This one's a old gag, but this time told from a womans point of view...Bah!


A woman rubbed a bottle and out popped a genie.

The amazed woman asked if she got three wishes.

The genie said, "Nope,sorry, three-wish genies are a storybook myth. I'm
a one-wish genie.

So... what'll it be?"

The woman did not hesitate. She said, "I want peace in the Middle East. See this map? I want these countries to stop fighting with each other and I want all the Arabs to love the Jews and Americans and vice-versa. It will bring about world peace and harmony."

The genie looked at the map and exclaimed, "Lady, be reasonable. These countries have been at war for thousands of years. I'm out of shapeafter being in a bottle for five hundred years. I'm good but not THAT good! I don't think it can be done. Make another wish and please be reasonable."

The woman thought for a minute and said, "Well, I've never been able to find the right man.

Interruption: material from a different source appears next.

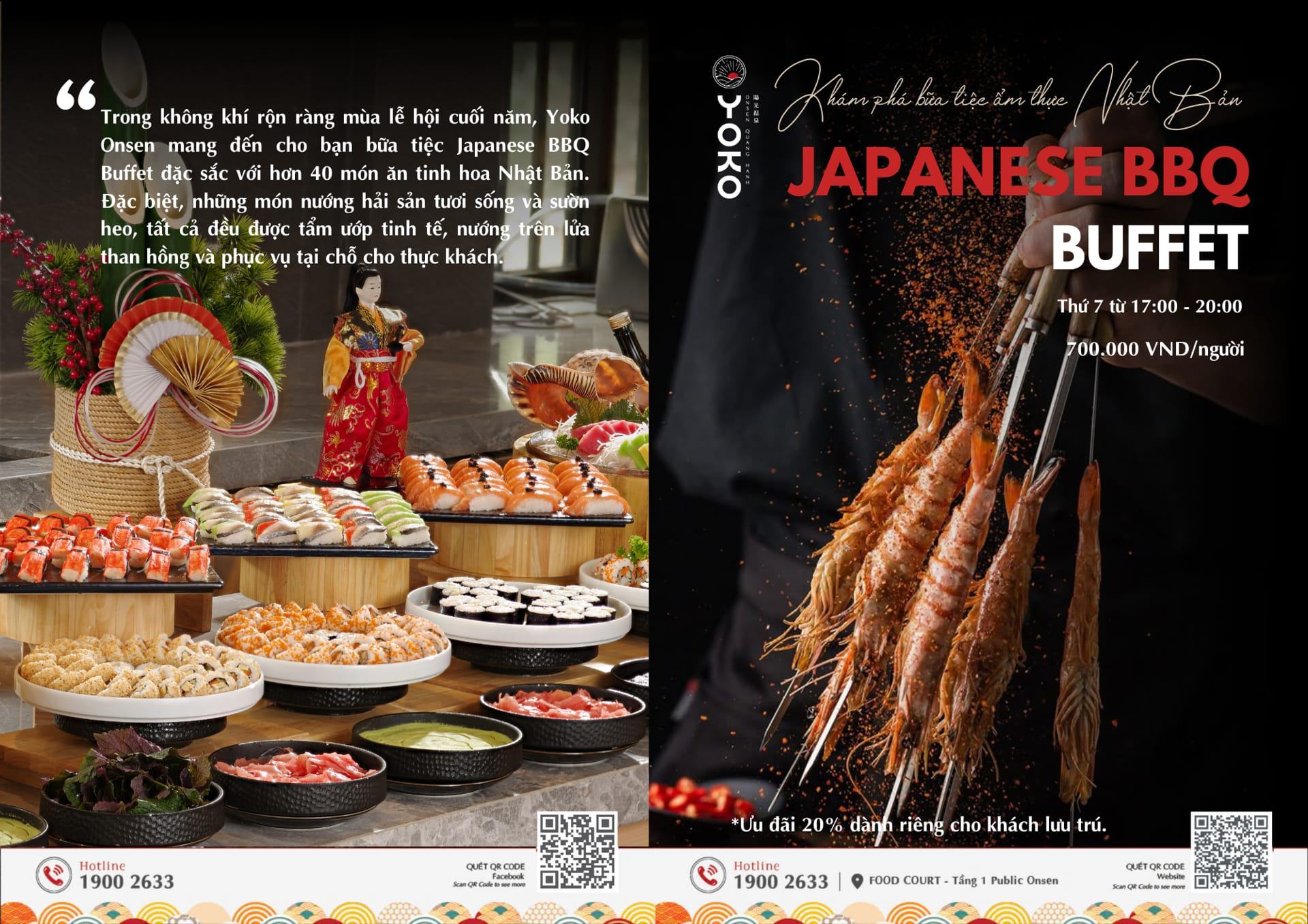 Nếu bạn là người yêu thích ẩm thực Nhật Bản, đặc biệt là sự kết hợp giữa truyền thống và hiện đại, thì Yoko Onsen Quang Hanh chính là điểm đến lý tưởng vào mỗi tối thứ 7. Trong không khí rộn ràng mùa lễ hội cuối năm, YOKO ONSEN mang đến cho bạn một trải nghiệm buffet đẳng cấp với sự hòa quyện của các món Nhật truyền thống và BBQ hải sản tươi ngon. Bên cạnh sự góp mặt của sushi, sashimi thượng hạn cùng những món ăn đặc trưng, YOKO phục vụ các món nướng từ hải sản tươi sống và sườn heo, tất cả đều được tẩm ướp tinh tế, nướng trên lửa than hồng và phục vụ tại chỗ cho thực khách.

You know - one that's considerate and fun, romantic, likes to cook and help with the house cleaning, is good in bed, and gets along with my family, doesn't watch sports all the time, and is faithful. That is what I wish for...a good man."

The genie let out a SIGH and said, "Let me see the f**king map again."

HushTheVoices
30-08-2006, 10:08 PM
So, so true...

http://www.callcentermovie.com/movie/movie2.html

Andrea
30-08-2006, 10:30 PM
So, so true...

http://www.callcentermovie.com/movie/movie2.html

hehe, that's great!

Bella
31-08-2006, 08:47 AM
Excellent!!:applause: :applause:

bridge
02-09-2006, 01:14 PM
love it :laugh:

HushTheVoices
02-09-2006, 11:11 PM
In honour of my long rant about gaming and the musical I saw this evening...

Machinima (http://video.google.co.uk/videoplay?docid=7997646050642417046&q=internet+is+for+porn)*

*Not for young'uns within earshot

HushTheVoices
03-09-2006, 11:18 AM
Four surgeons are discussing who has the best patients to operate on.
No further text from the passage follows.